By April, median national pricing was actually up 5% on the prior year and as July and August rolled around, the major banks had already changed tack on initial gloomy projections, from a 12% drop in national house values down to 10%.
ASB Bank, the most optimistic bank in March, picking a 6% decline in national house prices, is now looking at a 2.8% fall by next March, with some regions like Canterbury, showing no ill effects.
Westpac NZ chief economist Dominick Stephens has gone the other way, actually expecting a 3.5% increase in house prices between the lockdown period and end of year. That would take the 2020 increase to 6.3% and most economists expect the relentless increase in pricing to carry on from 2021.
Agents expect more deals
More than half of real estate agents polled by economist Tony Alexander in July thought the lockdowns had acted to re-motivate buyers to get deals over the line. More than a third, at that stage, also expected house prices to rise, rather than fall, driven by pressed vendors.
And indicative of a longer term rise in the market, residential consents bounced by a fifth in June, driven largely by urban, medium density developments such as townhouses and apartments.
Those numbers and economic forecasts make it difficult to understand why sales agents and property businesses also claimed the wage subsidy extension, which was available from June 10 to Sept. 1 on the expectation of a 40% decline in sales.
And even the latest Auckland lockdowns did little to stem the avalanche of business the firms are writing.
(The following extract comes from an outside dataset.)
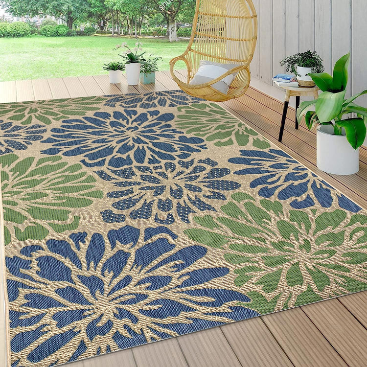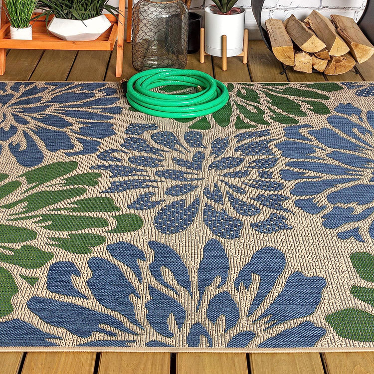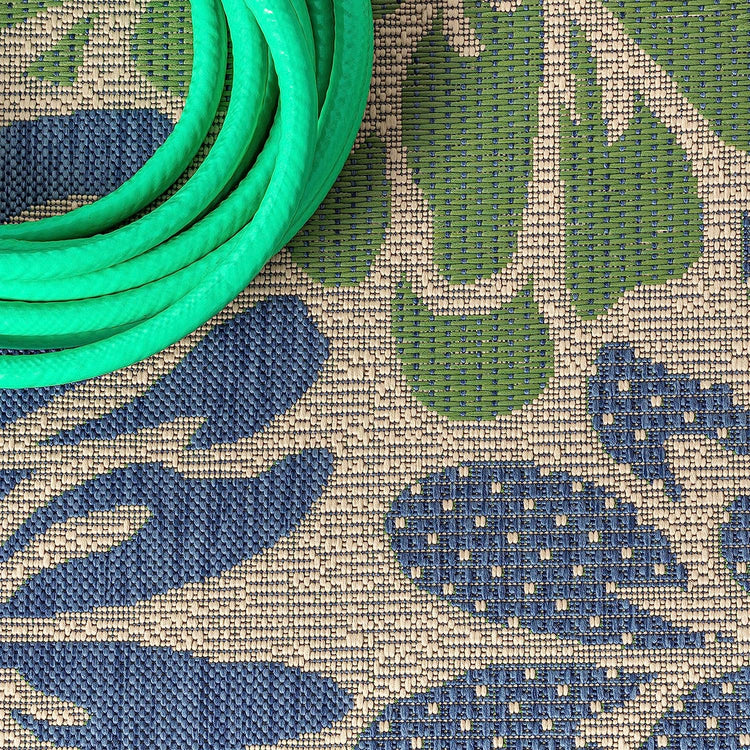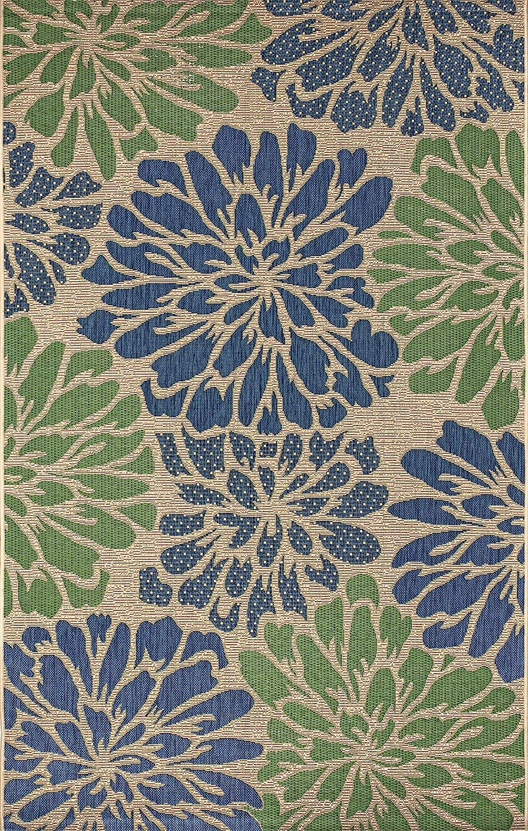 -EASY TO CARE FOR: Vacuum and sweep regularly to prevent grit from breaking down fibers; To wash an outdoor rug, spray the surface with a 5-1 mixture of mild dish soap and water then rise with a garden hose and hang over a railing to dry thoroughly; -Flat-weave Construction of 100% polypropylene -Leafy green and navy flowers on a beige ground Add some graphic punch to your porch or patio with the bold blooms on our modern floral rug. The large-scale pattern has a geometric effect in a simple palette of leafy green, deep blue and beige. The flatweave design is great for high-traffic spaces indoors too.

Barfoot’s Peter Thompson said house prices had largely ignored the more recent lockdowns and held onto price high gains registered in August, at the same time as recording the highest number of sales in any month since the peak of the property cycle in 2017.
Thompson would not be drawn on whether the firm will pay back any of its financial support. But according to his numbers, sales were up a jaw-dropping 42.5% last month from a year earlier, with a 44% increase in listings month-on-month to almost 2,000 – just in Auckland.
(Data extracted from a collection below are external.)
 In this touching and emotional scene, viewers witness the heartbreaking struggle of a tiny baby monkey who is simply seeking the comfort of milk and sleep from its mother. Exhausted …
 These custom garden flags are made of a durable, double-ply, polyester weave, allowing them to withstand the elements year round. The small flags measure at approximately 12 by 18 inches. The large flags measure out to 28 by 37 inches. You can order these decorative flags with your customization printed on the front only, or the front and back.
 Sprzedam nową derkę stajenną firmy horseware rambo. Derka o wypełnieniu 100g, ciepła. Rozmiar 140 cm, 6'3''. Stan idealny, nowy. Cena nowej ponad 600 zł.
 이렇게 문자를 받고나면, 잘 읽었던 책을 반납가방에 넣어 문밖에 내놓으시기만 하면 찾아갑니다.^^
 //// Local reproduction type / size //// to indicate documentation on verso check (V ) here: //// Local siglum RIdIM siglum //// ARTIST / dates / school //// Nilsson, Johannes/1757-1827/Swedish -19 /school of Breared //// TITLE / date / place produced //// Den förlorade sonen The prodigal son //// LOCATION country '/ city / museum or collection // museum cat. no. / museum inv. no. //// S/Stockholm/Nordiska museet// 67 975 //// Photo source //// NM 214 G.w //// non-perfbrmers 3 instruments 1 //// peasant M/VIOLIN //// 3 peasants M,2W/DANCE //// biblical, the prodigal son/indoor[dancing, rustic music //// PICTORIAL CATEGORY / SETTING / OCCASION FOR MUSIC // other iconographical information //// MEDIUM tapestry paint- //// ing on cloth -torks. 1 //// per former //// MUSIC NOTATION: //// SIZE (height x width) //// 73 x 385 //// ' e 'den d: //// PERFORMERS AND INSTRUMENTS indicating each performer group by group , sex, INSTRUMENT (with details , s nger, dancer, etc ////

Thompson said while the listings jump had tapered off, the price increases showed longer term buyer confidence in the market.
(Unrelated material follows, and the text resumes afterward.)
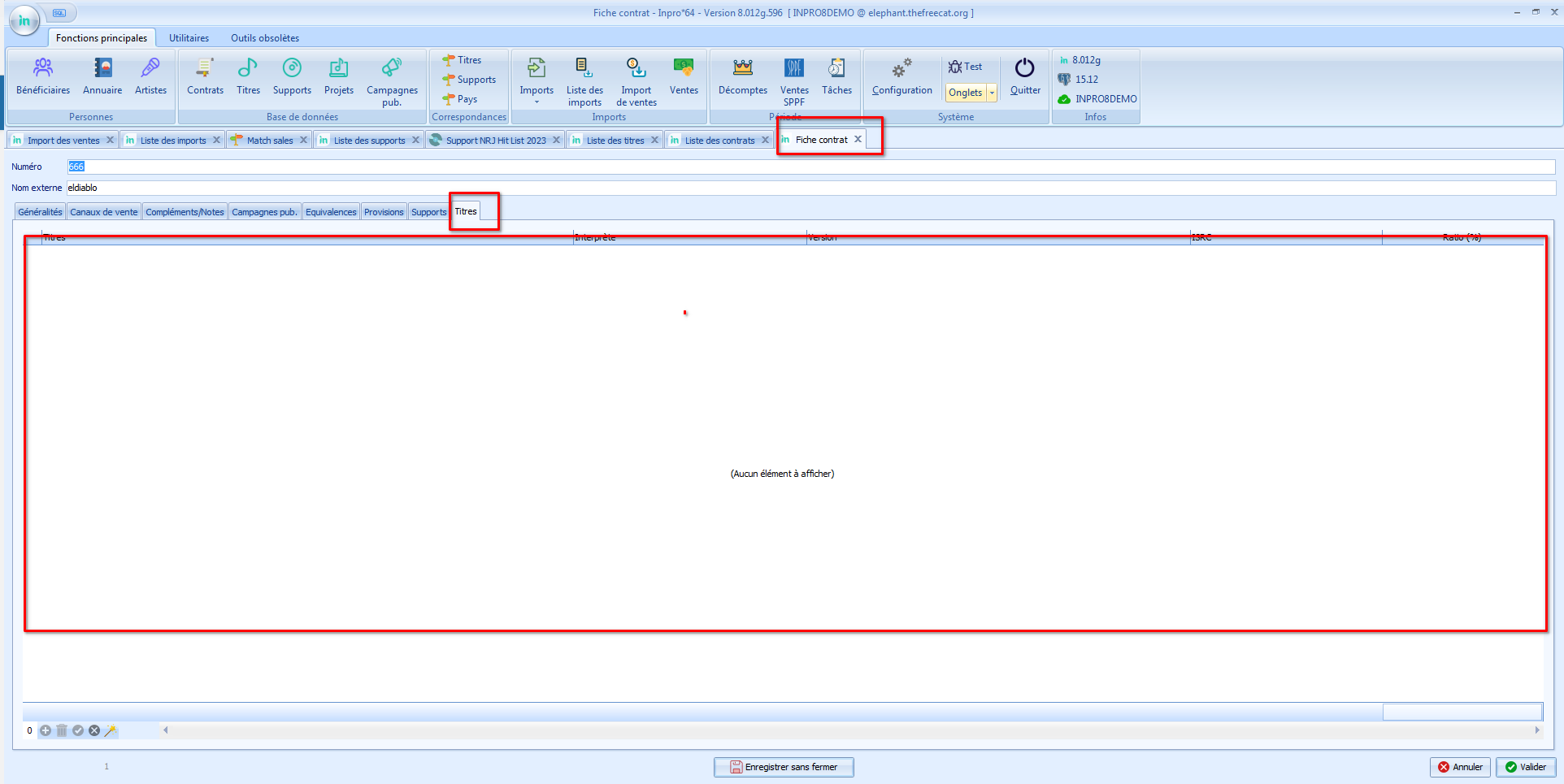 Si ces titres ont également été créé au moment de l'import de ventes alors aucun contrat n'apparaitra.

Ray White’s Carey Smith also reported a ‘V’ shaped upsurge since April, with the firm having completed more sales for the past six months than the same period last year, on a 1.8% increase in listings – to 9,263 from 9,171 last year.
He said the firm will take a “responsible line” in regards to government recommendations, but that Ray White had not made further applications based on “confidence in the market.”